Assignment - Your job is to transcribe all the records that follow, excluding any pictures.

Provided records -

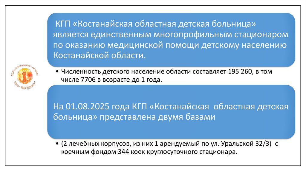 КГП «Костанайская областная детская больница»является единственным многопрофильным стационаром
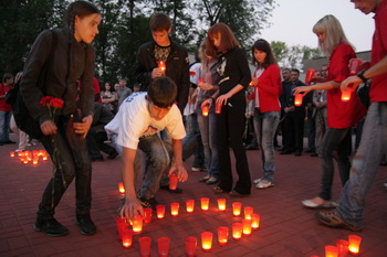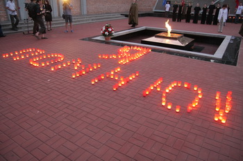 Пламя, зажжённое от Вечного огня на площади Победы было доставлено к Скорбященскому мемориальному комплексу, где от него зажгли несколько сотен свечей. После минуты молчания присутствующие возложили цветы к Вечному огню на Скорбященском мемориальном комплексе.
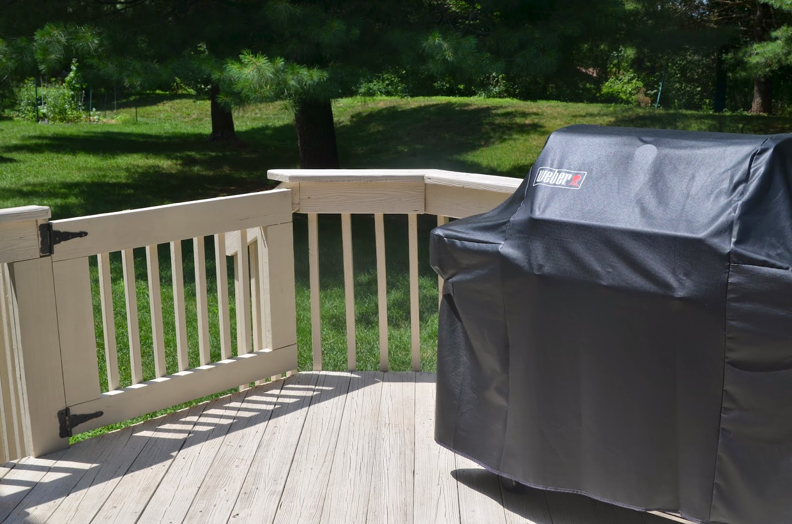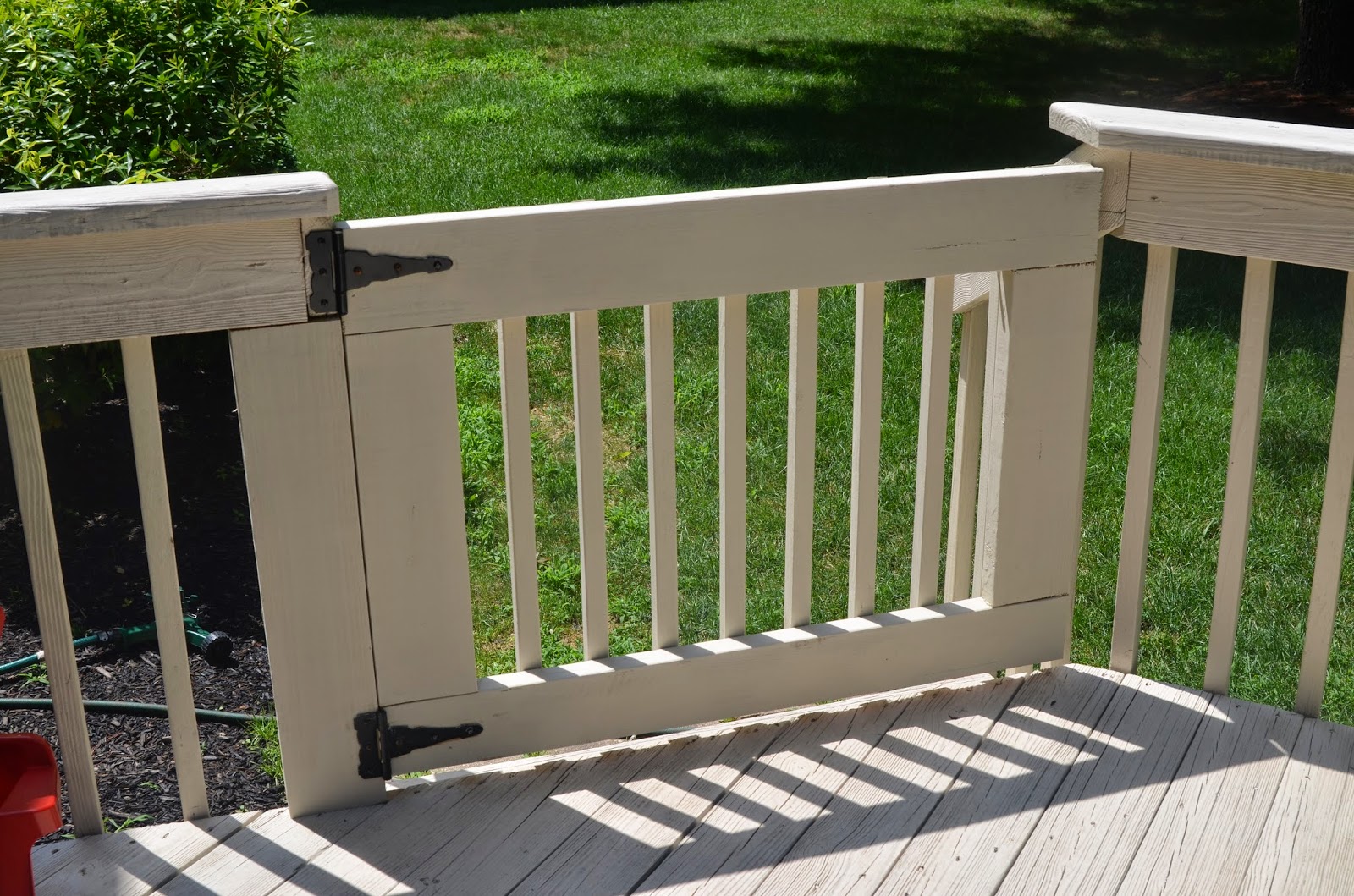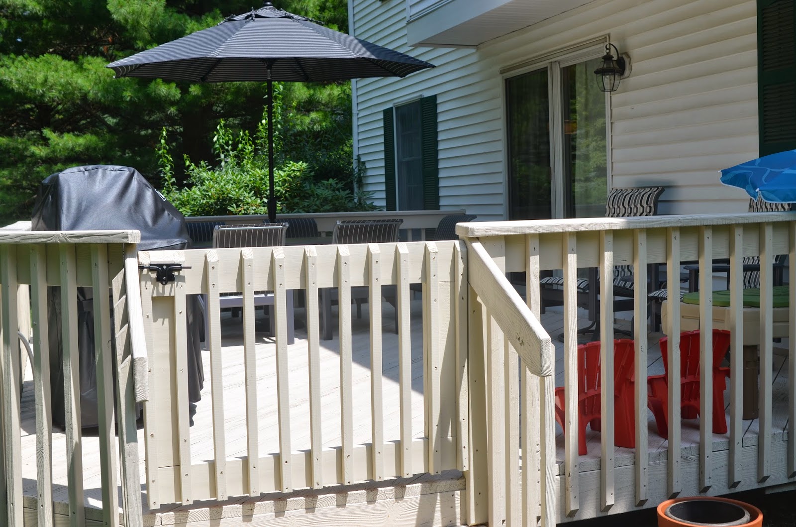My parents got Noah his water table and grill (both from Toys R Us).  Noah loves to be outside!  Since Noah has his toys he's happy to stay out longer and let us sit and relax after dinner.  We had our handyman build this gate and my dad paint it to match the deck.  I had seen the idea on Young House Love and knew I wanted one.  It's such a relief to know Noah won't escape or fall down the stairs.  I was so impressed with how it turned out.  I showed him one picture for maybe 10 seconds and he built it the next day!  Man I wish I was handy!
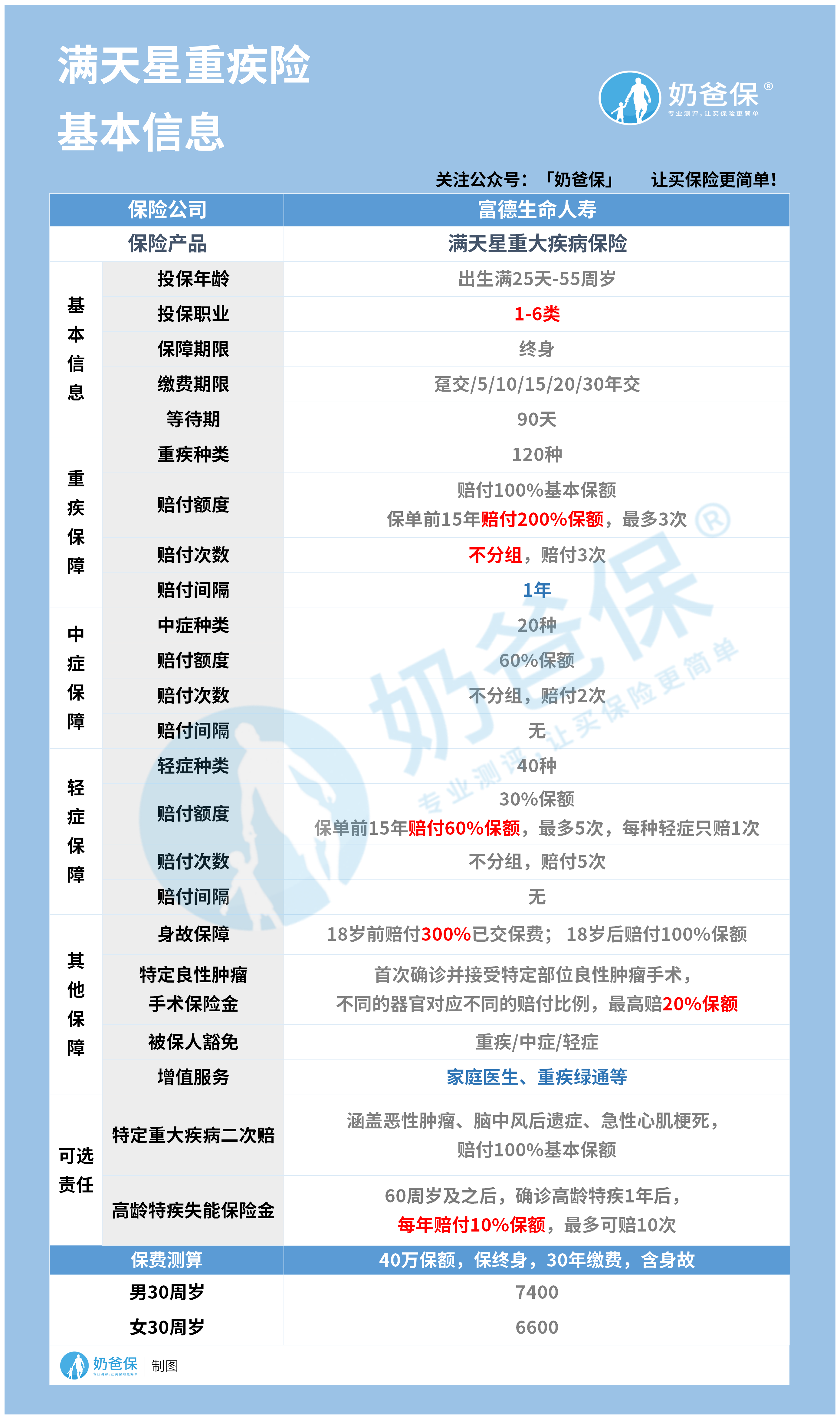 由于这篇文章是分析富德生命满天星重疾险的优缺点,所以奶爸就不在这里对其保障内容展开分析,感兴趣的朋友不妨戳这里了解:《富德满天星重疾险测评!》。
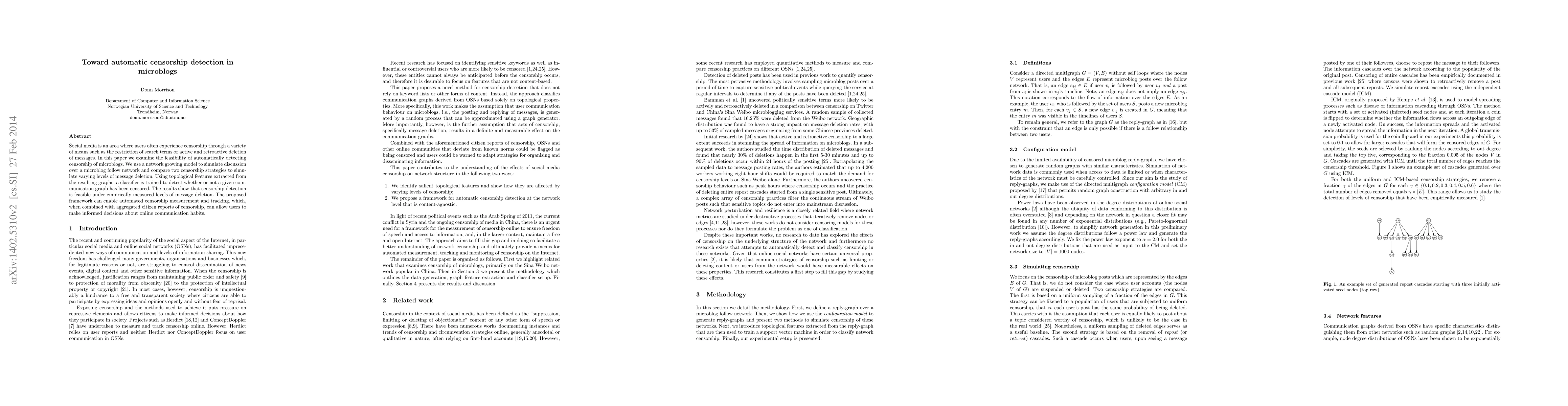 This paper explores the feasibility of automatically detecting censorship in microblogs using a network growing model and topological features. It demonstrates that a classifier can identify censored communication graphs based on varying levels of message deletion, suggesting a potential framework for automated censorship measurement and tracking.
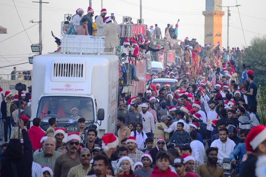 KARACHI, Pakistan, Dec. 10 (Xinhua) -- People attended a Christmas celebration rally in the southern Pakistani port city of Karachi recently.
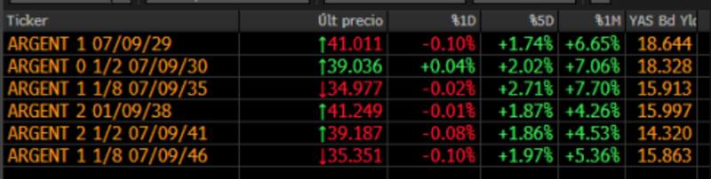 Tras las fuertes subas recientes, los bonos han logrado recuperar posiciones y evidencian subas en el último mes de hasta 7,7%.Pese a ello, los títulos argentinos de ley Nueva York todavía rinden en torno al 19% en la parte corta y al 15% en la parte más larga.
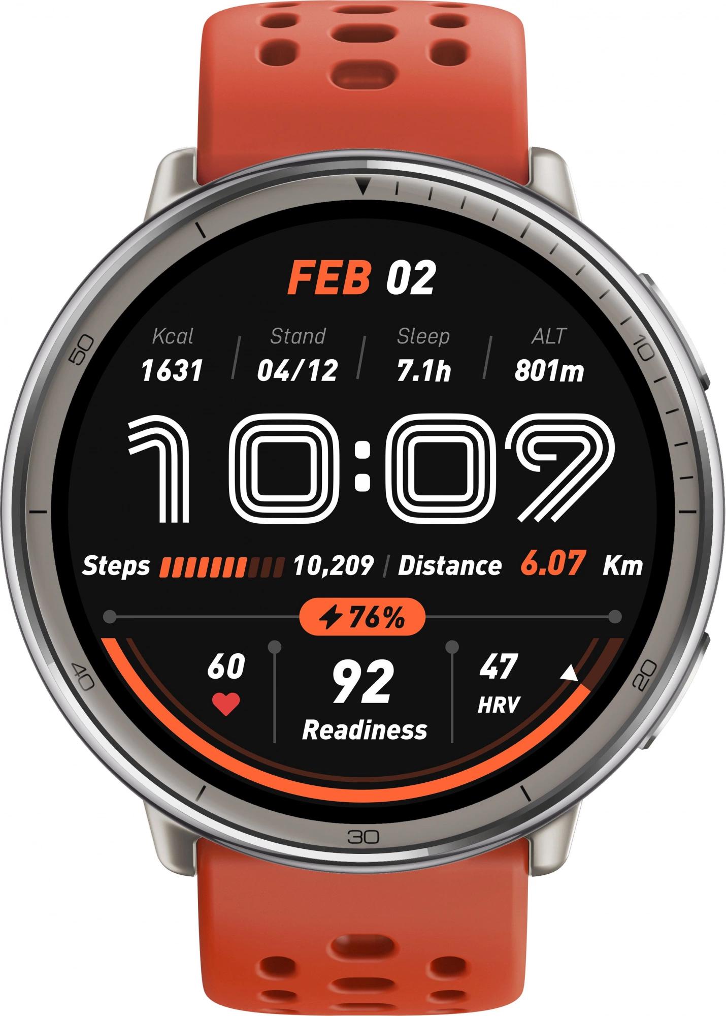 Умные часы, магнитная зарядная база (без кабеля), красный силиконовый ремешок, инструкция по эксплуатации.
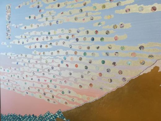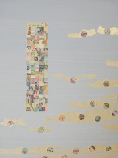雲は世界100カ国紙幣を使いグローバルマネーの浮世を、富士はマルコポーロによって世界に伝播した黄金王国ZIPANGを金箔に重ね、麓は$紙幣でコラージュ、現代日本を表現。
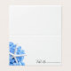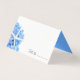 Stehende Platzkarten / Begleitkarten mit blauen Blumen und Sternendesign. Weiß, gefaltete Karten sind leer, und der Name des Gastes muss auf jedem Blatt handgeschrieben sein. Benutzen Sie den Text "Tischnummer", um die Gäste zu ihren Tischen zu begleiten. Entfernen Sie den zu verwendenden Text für Platzkarten. Im Inneren ist das Innere massiv blau.
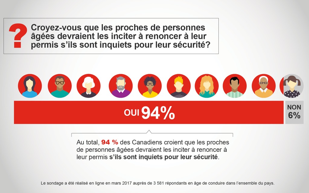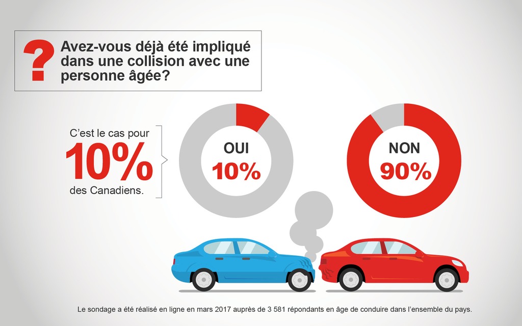 Lors d'un récent sondage de State Farm Canada un répondant sur dix a mentionné avoir été impliqué dans une collision avec un aîné. Bien que 94% des gens interrogés croient qu'il faudrait parler aux membres de leur famille âgés pour les inciter à renoncer à leur permis s'ils craignent pour leur sécurité et celle des autres usagers de la route, seuls 2% des aînés affirment avoir eu cette conversation avec un de leurs proches.
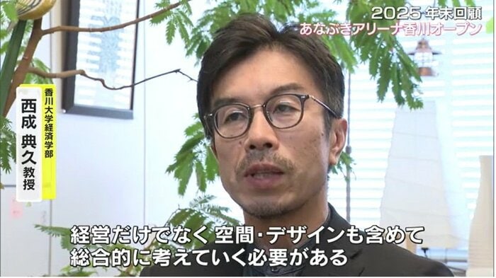 都市計画やまちづくりに詳しい香川大学経済学部の西成典久教授は、ここまでのアリーナの動きについて「アリーナができて海側に人流が変わった。これまでになかったような高松駅前の光景やそれがまちなかに波及したり、アリーナができたことでこれまでになかった都市のにぎわいや人流が生み出されてきている」と評価した。

Solution for this task -
 КГП «Костанайская областная детская больница»является единственным многопрофильным стационаром
 Пламя, зажжённое от Вечного огня на площади Победы было доставлено к Скорбященскому мемориальному комплексу, где от него зажгли несколько сотен свечей. После минуты молчания присутствующие возложили цветы к Вечному огню на Скорбященском мемориальном комплексе.
My parents got Noah his water table and grill (both from Toys R Us).  Noah loves to be outside!  Since Noah has his toys he's happy to stay out longer and let us sit and relax after dinner.  We had our handyman build this gate and my dad paint it to match the deck.  I had seen the idea on Young House Love and knew I wanted one.  It's such a relief to know Noah won't escape or fall down the stairs.  I was so impressed with how it turned out.  I showed him one picture for maybe 10 seconds and he built it the next day!  Man I wish I was handy!
 由于这篇文章是分析富德生命满天星重疾险的优缺点,所以奶爸就不在这里对其保障内容展开分析,感兴趣的朋友不妨戳这里了解:《富德满天星重疾险测评!》。
 This paper explores the feasibility of automatically detecting censorship in microblogs using a network growing model and topological features. It demonstrates that a classifier can identify censored communication graphs based on varying levels of message deletion, suggesting a potential framework for automated censorship measurement and tracking.
 KARACHI, Pakistan, Dec. 10 (Xinhua) -- People attended a Christmas celebration rally in the southern Pakistani port city of Karachi recently.
 Tras las fuertes subas recientes, los bonos han logrado recuperar posiciones y evidencian subas en el último mes de hasta 7,7%.Pese a ello, los títulos argentinos de ley Nueva York todavía rinden en torno al 19% en la parte corta y al 15% en la parte más larga.
 Умные часы, магнитная зарядная база (без кабеля), красный силиконовый ремешок, инструкция по эксплуатации.
雲は世界100カ国紙幣を使いグローバルマネーの浮世を、富士はマルコポーロによって世界に伝播した黄金王国ZIPANGを金箔に重ね、麓は$紙幣でコラージュ、現代日本を表現。
 Stehende Platzkarten / Begleitkarten mit blauen Blumen und Sternendesign. Weiß, gefaltete Karten sind leer, und der Name des Gastes muss auf jedem Blatt handgeschrieben sein. Benutzen Sie den Text "Tischnummer", um die Gäste zu ihren Tischen zu begleiten. Entfernen Sie den zu verwendenden Text für Platzkarten. Im Inneren ist das Innere massiv blau.
 Lors d'un récent sondage de State Farm Canada un répondant sur dix a mentionné avoir été impliqué dans une collision avec un aîné. Bien que 94% des gens interrogés croient qu'il faudrait parler aux membres de leur famille âgés pour les inciter à renoncer à leur permis s'ils craignent pour leur sécurité et celle des autres usagers de la route, seuls 2% des aînés affirment avoir eu cette conversation avec un de leurs proches.
 都市計画やまちづくりに詳しい香川大学経済学部の西成典久教授は、ここまでのアリーナの動きについて「アリーナができて海側に人流が変わった。これまでになかったような高松駅前の光景やそれがまちなかに波及したり、アリーナができたことでこれまでになかった都市のにぎわいや人流が生み出されてきている」と評価した。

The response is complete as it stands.